+++ Data to examine

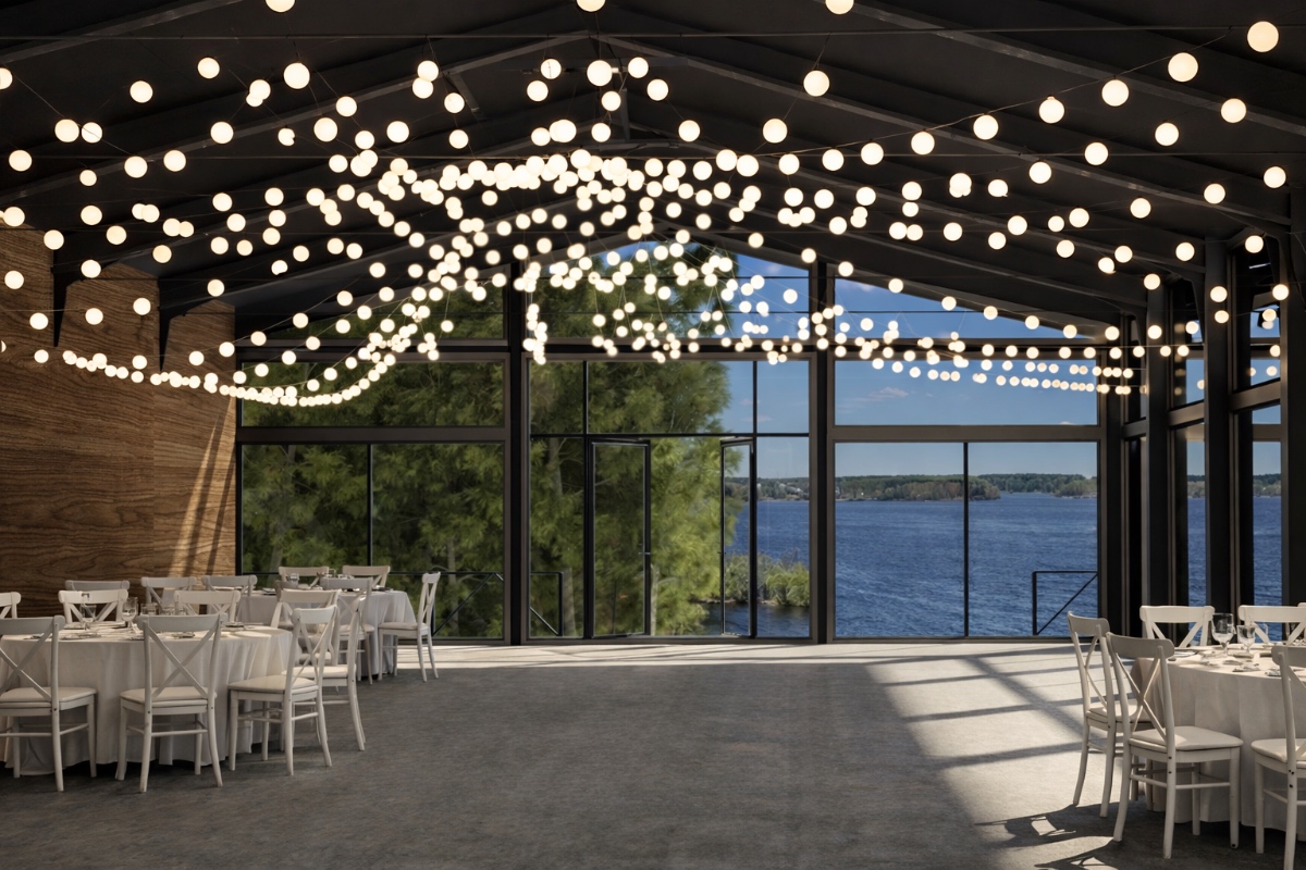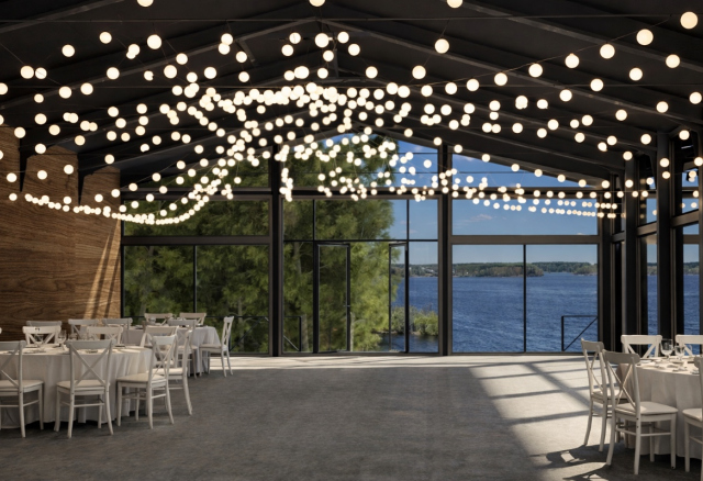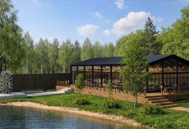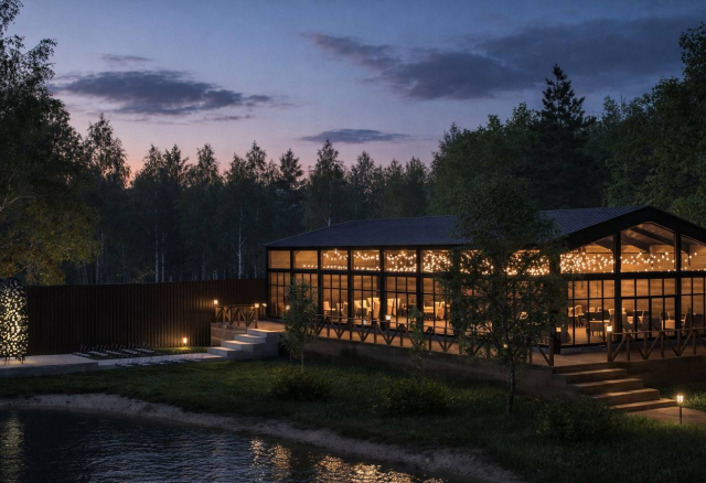 Стеклянная веранда 260 м2 расположена на деревянном помосте над самой водой. Впечатляющие видовые характеристики на простирающуюся водную гладь и лес. К вкранде может подлетать вертолёт и причаливать яхта. Великолепная идея для выездной регистрации брака.
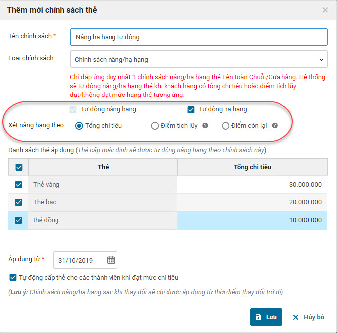 Bước 2: Quản lý cửa hàng chọn điều kiện nâng hạ hạng thẻ theo mong muốn (mặc định chương trình tự động nâng hạng). Nhấn Lưu để tạo chính sách.
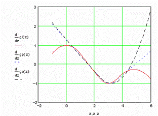 Рис.6 Сравнение производных (1-х и 2-х) сплайн-интерполяция
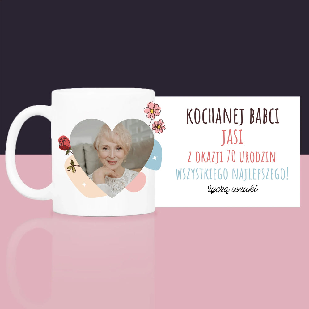 Zdjęcie i Podpis: Kochanej Babci z Okazji Urodzin - Zestaw prezentowy z kubkiem, herbatą i słodkościami
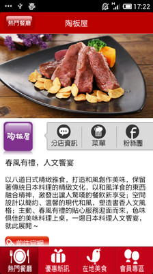 《疯美食》网罗了王品集团各品牌的店家信息与好康优惠,,立即下载,百家美食餐厅带着走!

++++++

**To do**
All lines from the beginning of the entries above to the line containing "Zdjęcie i Podpis: Kochanej", inclusive, should be printed exactly, apart from the pictures.

**Your response**
 Стеклянная веранда 260 м2 расположена на деревянном помосте над самой водой. Впечатляющие видовые характеристики на простирающуюся водную гладь и лес. К вкранде может подлетать вертолёт и причаливать яхта. Великолепная идея для выездной регистрации брака.
 Bước 2: Quản lý cửa hàng chọn điều kiện nâng hạ hạng thẻ theo mong muốn (mặc định chương trình tự động nâng hạng). Nhấn Lưu để tạo chính sách.
 Рис.6 Сравнение производных (1-х и 2-х) сплайн-интерполяция
 Zdjęcie i Podpis: Kochanej Babci z Okazji Urodzin - Zestaw prezentowy z kubkiem, herbatą i słodkościami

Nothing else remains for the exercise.